# chest pack, sling or backpack



## imalt (Apr 17, 2008)

I use a backpack right now but it is kind of a pain in the ass if I am waist deep wading and want to change flies. I am really leaning towards a chest pack but I like to carry alot. I already know my current musky fly boxes are probably not going to fit in a chest pack but I will just make some smaller boxes for those or keep the backpack when I musky fish. I just wanted to get some opinions of the downfalls of a chest pack since that is what I am leaning towards. My brother in law wears a fanny pack style I am not a fanny pack kind of guy so that is definitely out.


----------



## Flymaker (Jan 24, 2013)

I know its not the in thing anymore, but ....I will always go with a vest or a wading Jacket.....freind of mine uses a pack I dont think I would like it....not really into the man purse and I carry everthing I think I'm gonna need .....3-4 fly box's...leader wallet, spools of tippet , spare spool with a sink tip on it....and the list goes on....I may get a chest pack for float trips where most of what I need says on the boat and I just carry the little things........but I'm a die-hard vest guy......damn I must be showing my age.............


----------



## Shortdrift (Apr 5, 2004)

I purchased a combo chest pak with a fairly good sized backpack off the internet nine years ago. The chest also had a fold down work board and the two packs were joined with a open weave mesh. Sorry, but I cannot recall who I purchased it from.


----------



## fishmerf (Mar 28, 2008)

I have a chest pack that I fish with now, and I like it. I still love my vest, but over the past several years, I have realized that I carry way too much. The chest pack helped me down size to only what is needed. In the summer, I try to avoid wearing anything but a nice fishing shirt. I try to limit myself to one box of flies, three sizes of tippet hooked to a belt loop, nippers pinned to my shirt, forceps clamped to a pocket, and floatant on another belt loop. It makes for a much more comfortable day of summer fishing.


----------



## crazypoultry (May 18, 2009)

Chest pack. Fly fishers are packrats if we have 300 pockets they'll all get filled. I find I carry much less "oh I may eventually need this" stuff with my chest pack 

posted using Outdoor Hub Campfire


----------



## fallen513 (Jan 5, 2010)

Over the shoulder bag, with adjustable straps. 

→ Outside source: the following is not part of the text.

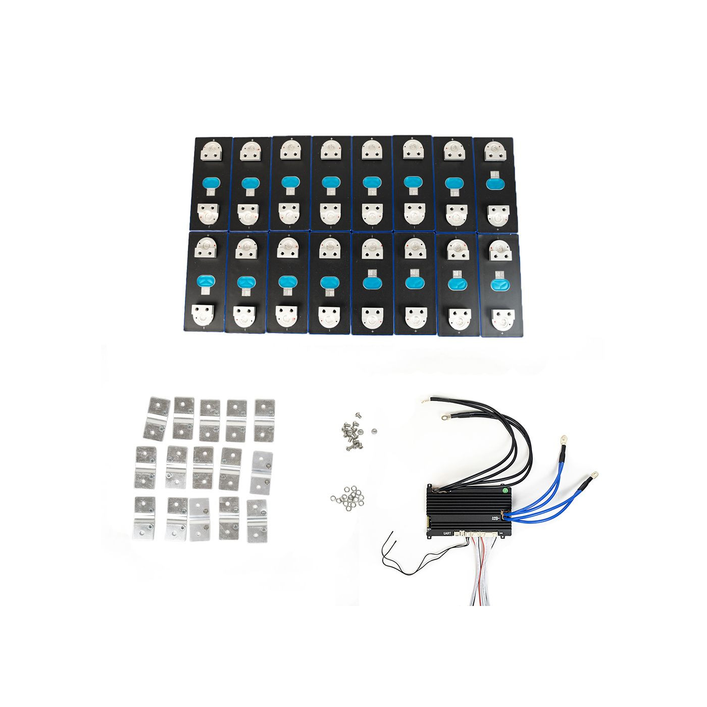 Complete set to assemble yourself a 48V 100Ah 4800Wh Lithium Iron battery with 3.2V 100Ah prismatic cells. Ideal for your boat, motorhome, van, caravan, house storage, mobile home, agricultural vehicle.

You can wear it comfortably over your head and shoulder... and when wading deep tighten the straps and have it just around your neck.

Chest packs are good, but hang on your neck all day and don't have the capacity of over the shoulder bags and packs. 

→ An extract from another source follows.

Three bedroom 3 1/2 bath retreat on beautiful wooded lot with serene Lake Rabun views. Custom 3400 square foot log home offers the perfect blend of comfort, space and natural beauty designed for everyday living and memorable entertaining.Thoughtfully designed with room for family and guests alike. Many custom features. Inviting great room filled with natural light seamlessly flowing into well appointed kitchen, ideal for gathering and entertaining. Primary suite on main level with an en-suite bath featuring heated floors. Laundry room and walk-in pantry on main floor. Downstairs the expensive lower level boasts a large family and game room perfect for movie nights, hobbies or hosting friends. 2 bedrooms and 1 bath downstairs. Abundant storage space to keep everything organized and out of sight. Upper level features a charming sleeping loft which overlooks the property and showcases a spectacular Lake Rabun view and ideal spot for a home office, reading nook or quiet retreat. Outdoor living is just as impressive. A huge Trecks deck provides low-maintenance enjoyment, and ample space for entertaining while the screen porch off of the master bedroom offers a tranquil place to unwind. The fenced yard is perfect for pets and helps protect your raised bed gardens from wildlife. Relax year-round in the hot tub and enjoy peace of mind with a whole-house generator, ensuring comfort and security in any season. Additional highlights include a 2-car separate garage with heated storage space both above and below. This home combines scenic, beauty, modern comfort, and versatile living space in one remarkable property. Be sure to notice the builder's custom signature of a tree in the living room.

If you're a gear head that wants to carry it all, get a high quality sling. 


The best of the best (and you'll pay for it):

http://www.smithfly.net/


Made right here in Ohio.


----------



## ohiotuber (Apr 15, 2004)

If there is ONE area where I have extensive experience in my 66 years, it is methodology of carrying gear. I ALWAYS buy quality & have used Cortland, Orvis & Simms vests, Fish Pond & Wm Joseph fanny & chest packs, a Downs chest box, lanyards (purchased & made by myself), & for the last 3 years a Simms sling pack....it beats 'em all, but that's MY opinion. I also carry some "stuff" & here's what I have done & I love it....I bought the Simms Headwaters Sling Pack (mine is the previous version). In it, I carry 2 of those large Flambeau "flip open" boxes, a large LL Bean foam box, leaders (asst of tapered mono & furled), Mucilin, a few spools of tippet and mono, strike indicators, then I add tools & camera as follows. The belt that fits around you has a triangular cordura nylon "tab". I have a Gear Keeper Zinger with the "screw post" attached to each side tab & my tools (forceps, hone, nippers, monomaster, tape measure) attached to these zingers. I use a larger Gear Keeper to attach my WP10 Pentax camera to a side ring & pocket the camera when not in use. I maintain my desired waist height with the shoulder strap & (this is key) wear my waist belt LOOSE. When fishing or walking, I just flip the pack to the rear where it is out of my way. The joy of the Gear Keeper Zingers is that, being on the SIDE of the pack, my tools are NEVER dangling in front of me when I bend over like in landing a fish..I simply flip the pack to the front, grab the tool needed & it's all one handed. All my fishing buddies love this setup & a couple have duplicated it.
Sorry for the long post, but describing it is the hardest part. LOL
Mike


----------



## fishinnick (Feb 19, 2011)

crazypoultry said:


> Chest pack. Fly fishers are packrats if we have 300 pockets they'll all get filled. I find I carry much less "oh I may eventually need this" stuff with my chest pack
> 
> posted using Outdoor Hub Campfire


+1 I used to always use a vest but I probably used less than half the stuff I put in it. 2 years ago I made the switch to a chest pack and I don't think I will ever go back to a vest. 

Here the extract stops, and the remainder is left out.